### Your instructions
Look below for the lines from the one with "Riddell Philadelphia Eagles" to the one with "隔着白纱的深情对视,满眼的爱意,谁都能看得到。", and copy exactly those lines, both ends included.

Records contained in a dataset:

>>>>

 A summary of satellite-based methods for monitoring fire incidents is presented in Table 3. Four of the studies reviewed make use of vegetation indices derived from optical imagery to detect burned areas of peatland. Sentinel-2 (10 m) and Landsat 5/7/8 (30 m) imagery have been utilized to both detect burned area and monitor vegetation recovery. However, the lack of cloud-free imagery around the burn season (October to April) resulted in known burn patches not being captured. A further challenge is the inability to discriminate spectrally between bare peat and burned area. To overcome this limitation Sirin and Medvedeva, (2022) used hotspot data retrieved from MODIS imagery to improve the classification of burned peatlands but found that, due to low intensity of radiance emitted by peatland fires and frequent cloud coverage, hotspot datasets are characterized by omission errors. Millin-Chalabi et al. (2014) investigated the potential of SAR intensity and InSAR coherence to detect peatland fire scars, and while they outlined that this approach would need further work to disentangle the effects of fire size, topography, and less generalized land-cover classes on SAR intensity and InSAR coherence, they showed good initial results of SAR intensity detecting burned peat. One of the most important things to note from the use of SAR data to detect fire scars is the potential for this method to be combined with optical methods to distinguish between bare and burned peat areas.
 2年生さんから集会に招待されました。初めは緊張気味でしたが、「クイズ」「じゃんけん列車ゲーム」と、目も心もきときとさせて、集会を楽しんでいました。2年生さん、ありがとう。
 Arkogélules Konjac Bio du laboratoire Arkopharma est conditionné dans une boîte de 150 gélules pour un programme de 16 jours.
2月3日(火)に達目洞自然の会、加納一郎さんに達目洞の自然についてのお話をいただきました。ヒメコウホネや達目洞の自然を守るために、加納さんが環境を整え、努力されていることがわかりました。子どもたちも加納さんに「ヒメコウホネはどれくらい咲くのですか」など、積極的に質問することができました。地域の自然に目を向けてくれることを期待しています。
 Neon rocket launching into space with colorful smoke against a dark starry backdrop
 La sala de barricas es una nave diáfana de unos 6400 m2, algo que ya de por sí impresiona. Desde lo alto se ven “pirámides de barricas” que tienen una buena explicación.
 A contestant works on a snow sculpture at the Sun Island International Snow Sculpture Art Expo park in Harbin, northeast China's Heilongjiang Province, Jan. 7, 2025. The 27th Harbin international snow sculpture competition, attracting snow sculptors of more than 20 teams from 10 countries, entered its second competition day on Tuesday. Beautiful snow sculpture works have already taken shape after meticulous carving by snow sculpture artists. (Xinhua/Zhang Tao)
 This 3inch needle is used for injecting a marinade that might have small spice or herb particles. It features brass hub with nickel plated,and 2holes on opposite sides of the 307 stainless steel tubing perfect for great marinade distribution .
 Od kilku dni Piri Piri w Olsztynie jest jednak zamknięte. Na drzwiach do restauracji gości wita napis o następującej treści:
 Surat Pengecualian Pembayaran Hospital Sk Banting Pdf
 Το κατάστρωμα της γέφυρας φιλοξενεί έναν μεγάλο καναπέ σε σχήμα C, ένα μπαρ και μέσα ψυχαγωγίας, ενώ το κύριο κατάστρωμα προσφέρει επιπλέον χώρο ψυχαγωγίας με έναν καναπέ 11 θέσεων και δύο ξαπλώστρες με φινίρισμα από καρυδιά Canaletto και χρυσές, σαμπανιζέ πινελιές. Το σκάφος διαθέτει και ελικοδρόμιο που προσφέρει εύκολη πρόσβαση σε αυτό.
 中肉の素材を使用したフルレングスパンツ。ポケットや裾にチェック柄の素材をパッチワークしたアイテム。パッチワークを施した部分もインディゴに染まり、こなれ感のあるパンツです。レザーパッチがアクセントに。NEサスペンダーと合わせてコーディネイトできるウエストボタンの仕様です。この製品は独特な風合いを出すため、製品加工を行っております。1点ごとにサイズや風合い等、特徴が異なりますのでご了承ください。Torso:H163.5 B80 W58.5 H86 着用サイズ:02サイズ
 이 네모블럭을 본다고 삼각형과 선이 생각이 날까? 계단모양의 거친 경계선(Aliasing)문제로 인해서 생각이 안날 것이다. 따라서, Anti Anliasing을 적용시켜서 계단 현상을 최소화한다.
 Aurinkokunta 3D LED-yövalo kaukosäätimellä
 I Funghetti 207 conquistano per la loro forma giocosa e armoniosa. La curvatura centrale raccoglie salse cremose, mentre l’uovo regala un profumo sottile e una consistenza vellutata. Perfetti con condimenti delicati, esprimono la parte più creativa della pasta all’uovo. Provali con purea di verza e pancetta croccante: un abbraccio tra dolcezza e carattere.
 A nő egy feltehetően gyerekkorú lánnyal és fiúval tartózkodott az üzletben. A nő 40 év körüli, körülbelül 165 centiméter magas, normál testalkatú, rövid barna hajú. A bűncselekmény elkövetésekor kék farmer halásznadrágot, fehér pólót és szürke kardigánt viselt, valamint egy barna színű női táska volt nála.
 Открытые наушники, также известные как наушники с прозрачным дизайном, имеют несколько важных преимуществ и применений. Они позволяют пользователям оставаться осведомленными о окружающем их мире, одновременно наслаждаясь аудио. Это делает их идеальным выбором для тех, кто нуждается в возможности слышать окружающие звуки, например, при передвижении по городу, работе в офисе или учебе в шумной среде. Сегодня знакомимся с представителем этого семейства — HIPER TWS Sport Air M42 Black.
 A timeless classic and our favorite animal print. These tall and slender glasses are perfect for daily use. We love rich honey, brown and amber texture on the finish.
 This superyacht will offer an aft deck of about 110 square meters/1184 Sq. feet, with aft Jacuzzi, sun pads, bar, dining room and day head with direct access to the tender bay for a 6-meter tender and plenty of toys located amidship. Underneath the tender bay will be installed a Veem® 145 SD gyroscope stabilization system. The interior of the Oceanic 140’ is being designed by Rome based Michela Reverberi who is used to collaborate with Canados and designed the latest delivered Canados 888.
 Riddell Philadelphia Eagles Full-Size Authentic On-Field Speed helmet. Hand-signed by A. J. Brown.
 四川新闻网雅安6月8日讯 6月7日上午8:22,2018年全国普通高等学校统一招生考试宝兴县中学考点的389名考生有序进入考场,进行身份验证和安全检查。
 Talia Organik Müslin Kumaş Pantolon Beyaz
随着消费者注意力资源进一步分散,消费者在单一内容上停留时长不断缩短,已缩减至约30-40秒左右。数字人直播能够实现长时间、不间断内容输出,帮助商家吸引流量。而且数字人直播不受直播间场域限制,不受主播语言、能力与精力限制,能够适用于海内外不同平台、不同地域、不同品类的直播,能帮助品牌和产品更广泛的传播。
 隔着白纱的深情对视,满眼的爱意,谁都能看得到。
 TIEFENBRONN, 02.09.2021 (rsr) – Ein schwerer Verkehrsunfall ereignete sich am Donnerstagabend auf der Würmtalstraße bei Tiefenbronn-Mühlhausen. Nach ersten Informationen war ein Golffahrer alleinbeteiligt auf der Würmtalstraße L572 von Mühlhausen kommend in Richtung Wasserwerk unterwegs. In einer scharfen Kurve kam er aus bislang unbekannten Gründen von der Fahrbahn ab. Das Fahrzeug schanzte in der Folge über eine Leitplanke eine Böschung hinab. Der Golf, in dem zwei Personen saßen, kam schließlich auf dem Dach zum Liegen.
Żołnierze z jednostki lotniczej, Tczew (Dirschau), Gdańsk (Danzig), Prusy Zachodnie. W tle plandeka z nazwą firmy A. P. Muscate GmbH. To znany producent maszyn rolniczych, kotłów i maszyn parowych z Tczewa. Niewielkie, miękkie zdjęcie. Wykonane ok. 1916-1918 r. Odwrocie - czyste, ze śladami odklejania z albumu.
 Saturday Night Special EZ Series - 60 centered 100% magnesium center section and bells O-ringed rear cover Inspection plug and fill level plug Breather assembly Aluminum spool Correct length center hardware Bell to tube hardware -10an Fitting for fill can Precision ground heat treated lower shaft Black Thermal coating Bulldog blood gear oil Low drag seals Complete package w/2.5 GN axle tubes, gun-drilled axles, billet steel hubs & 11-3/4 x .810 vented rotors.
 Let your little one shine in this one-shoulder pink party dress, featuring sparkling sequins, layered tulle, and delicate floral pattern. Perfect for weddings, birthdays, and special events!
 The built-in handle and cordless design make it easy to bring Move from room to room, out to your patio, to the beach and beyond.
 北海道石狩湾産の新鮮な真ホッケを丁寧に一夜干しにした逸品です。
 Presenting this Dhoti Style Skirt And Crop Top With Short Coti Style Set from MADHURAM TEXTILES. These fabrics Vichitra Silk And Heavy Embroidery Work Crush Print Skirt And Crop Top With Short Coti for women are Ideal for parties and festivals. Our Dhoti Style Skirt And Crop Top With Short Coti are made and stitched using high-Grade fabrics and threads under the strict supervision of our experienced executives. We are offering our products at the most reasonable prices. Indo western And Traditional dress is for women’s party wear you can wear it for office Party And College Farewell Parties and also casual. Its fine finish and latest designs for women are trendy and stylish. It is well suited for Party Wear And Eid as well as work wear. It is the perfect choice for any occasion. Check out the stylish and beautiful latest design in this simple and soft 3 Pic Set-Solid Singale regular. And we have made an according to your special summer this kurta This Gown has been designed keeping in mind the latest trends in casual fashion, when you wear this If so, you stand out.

<<<<

### Result
 Riddell Philadelphia Eagles Full-Size Authentic On-Field Speed helmet. Hand-signed by A. J. Brown.
 四川新闻网雅安6月8日讯 6月7日上午8:22,2018年全国普通高等学校统一招生考试宝兴县中学考点的389名考生有序进入考场,进行身份验证和安全检查。
 Talia Organik Müslin Kumaş Pantolon Beyaz
随着消费者注意力资源进一步分散,消费者在单一内容上停留时长不断缩短,已缩减至约30-40秒左右。数字人直播能够实现长时间、不间断内容输出,帮助商家吸引流量。而且数字人直播不受直播间场域限制,不受主播语言、能力与精力限制,能够适用于海内外不同平台、不同地域、不同品类的直播,能帮助品牌和产品更广泛的传播。
 隔着白纱的深情对视,满眼的爱意,谁都能看得到。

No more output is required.